The processed data are now used to visualize our findings graphically. Tables, where needed, are also showing all or the required part of the data to explain the charts.

Population Consequences Results

The weather events causing the highest damage amoung the population across the United States are shown in the table below:

# Table of consolidated results
pop2 <- pop2 %>% arrange(desc(totals))
library(knitr)
kable(pop2[1:10,], col.names = c("Event Types", "Fatalities", "Injuries", "Total"))
Event Types Fatalities Injuries Total
TORNADO 1485 19962 21447
EXCESSIVE HEAT 1761 6332 8093
FLOOD 381 6740 7121
LIGHTNING 598 3826 4424
TSTM WIND 219 3305 3524
FLASH FLOOD 795 1630 2425
THUNDERSTORM WIND 130 1400 1530
HEAT 237 1222 1459
WINTER STORM 167 1042 1209
HIGH WIND 211 970 1181
print(p1)

Figure-1: Fatalities vs. Injuries over 5-year periods from 1997 - 2011.

Figure-1 shows that there are two weather events that cause the most number of fatalities: Tornado and Excessive Heat.
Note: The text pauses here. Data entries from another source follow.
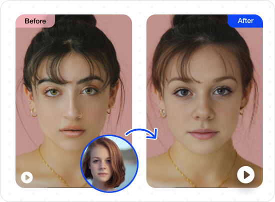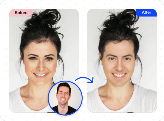 MioCreate AI Face Swap performs seamless face swap. It can accurately identify the new face you want to use and blend it into the main photo with AI, to generate a harmonious face swap that looks like a perfect fit on top of the original.
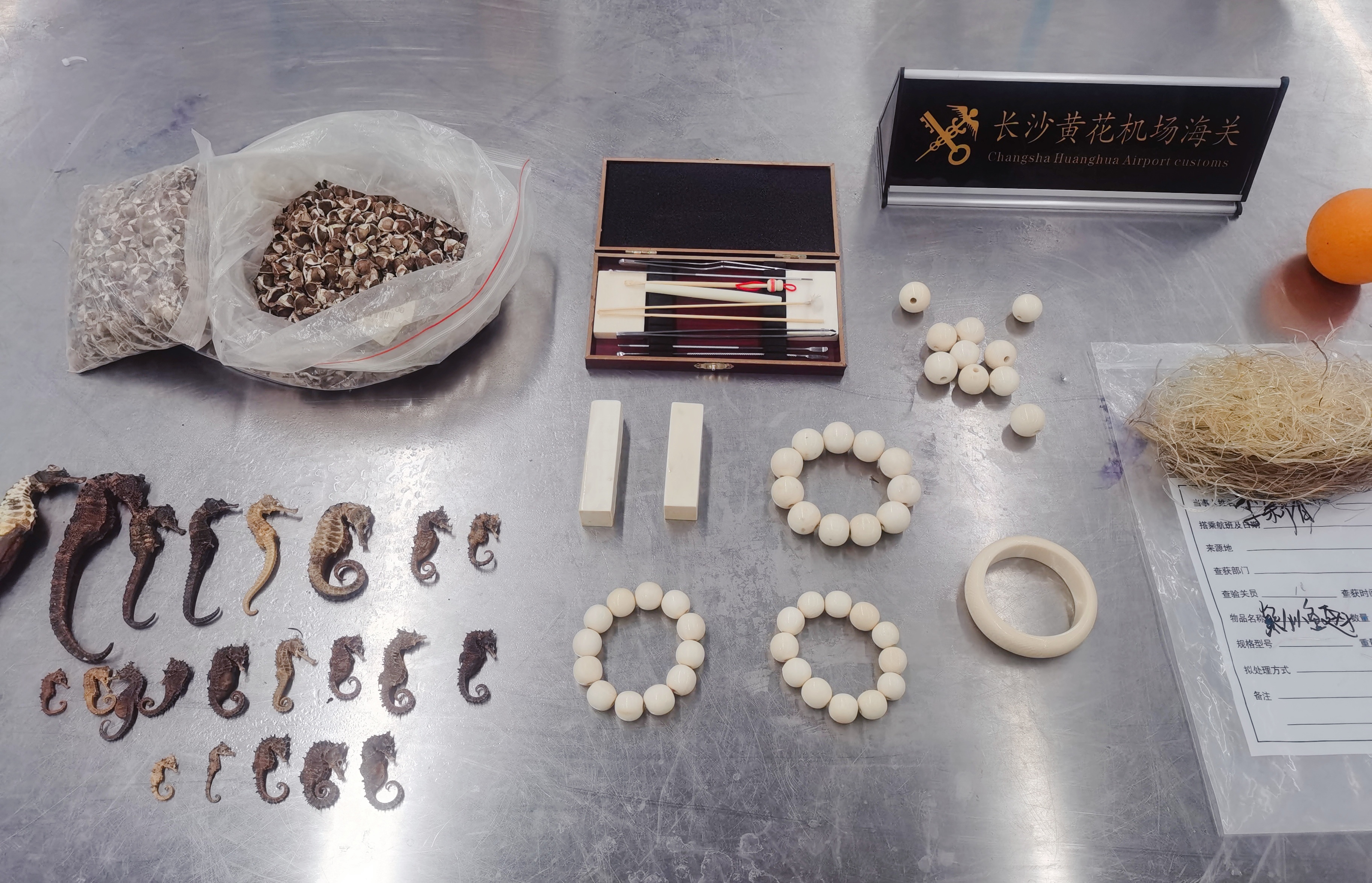 21日,长沙黄花机场海关旅检现场关员在对一入境航班进行监管时,发现一名进境旅客行李X光机图像存在异常。经开箱查验,发现多件疑似象牙制品,后经鉴定为象牙制品。同时,现场还查获干海马60克、鱼翅90克、辣木籽620克。目前,海关已依法对上述物品进行暂扣。
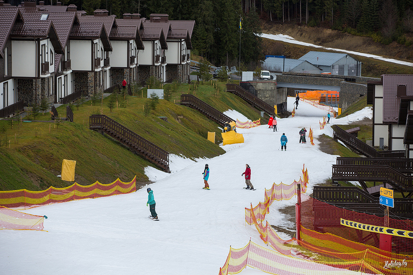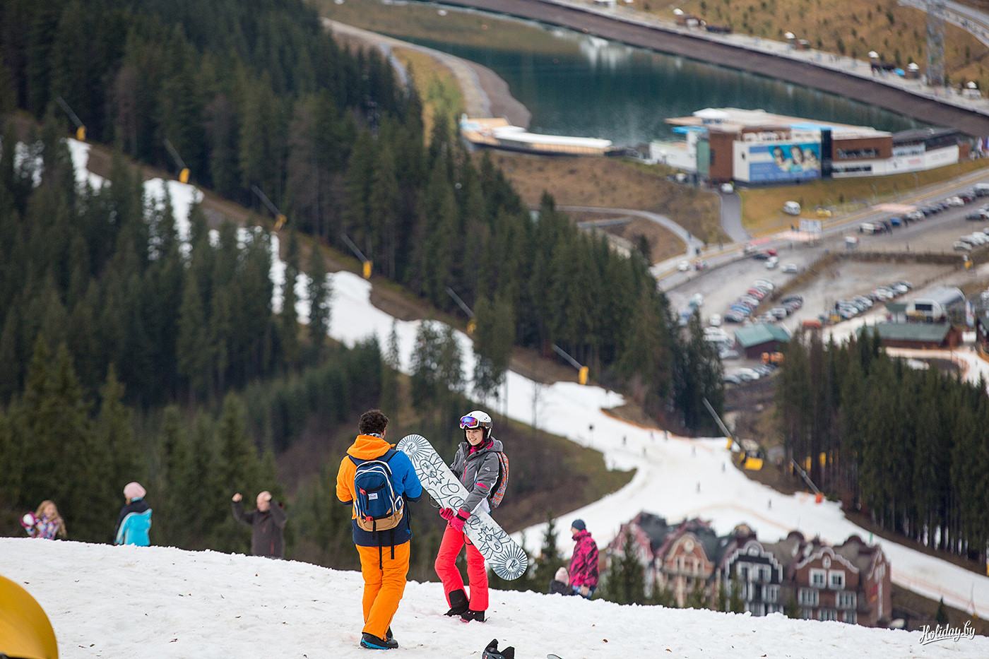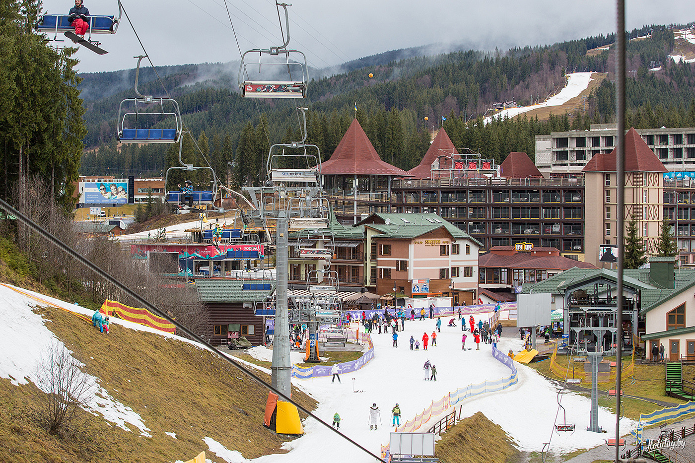 При этом, нигде нет толпы и очередей — сами украинцы, которые любят отдыхать в Буковеле, предпочли перенести каникулы до снежных времён. Белорусам такой формат отдыха даже нравится: впервые в истории десятилетия за шесть дней до Нового года на подъёмник можно сесть приблизительно за пять минут. А учитывая, что многие едут в Буковель, чтобы попробовать стать на лыжи в первый раз, такой расклад (со свободными трассами и отсутствием экстремальных профессиональных гонщиков на спусках) — и вовсе идеален.

In third place, when looking at total damages, comes Flood, though these cause less fatalities than Lightning, but many more injuries.

print(p2)

Figure-2: Consolidated Fatalities vs. Injuries from 1997 - 2011 by Severe Weather Events.

Figure-2 confirms above interpretation; however it is notable that Flood, while being on third place, only occurred in the 1997-2001 period. In the 10 years afterwards, flooding appears but only resulting in minor damages to the population.

Economic Damages Results

From the summary table below it is clear that the top three weather events for causing severe damages are TSTM Wind, Flash Flood and Tornado. The damage severity is declining linearly until Lightning, where it drops rapidly to approximately half of the next severe event.

kable(eco1[1:10,], col.names = c("Event Types", "Crop Damage", "Property Damage", "Total"))
Event Types Crop Damage Property Damage Total
TSTM WIND 98746 1215890 1314636
FLASH FLOOD 146418 1156462 1302880
TORNADO 86111 1125792 1211903
HAIL 473313 544038 1017351
FLOOD 146402 803805 950207
THUNDERSTORM WIND 66663 862257 928920
LIGHTNING 1852 463150 465002
HIGH WIND 13872 290030 303901
WINTER STORM 1538 115809 117347
WILDFIRE 4364 83007 87372
print(p4)

Figure-3: Total and Property Damage by Event Type from 1997 - 2011. The main damage is done to property (compared to damage to crops).

Figure-3 shows that most of the damage is sustained by property. Only during Hail the damage amounts between property and crops are comparable.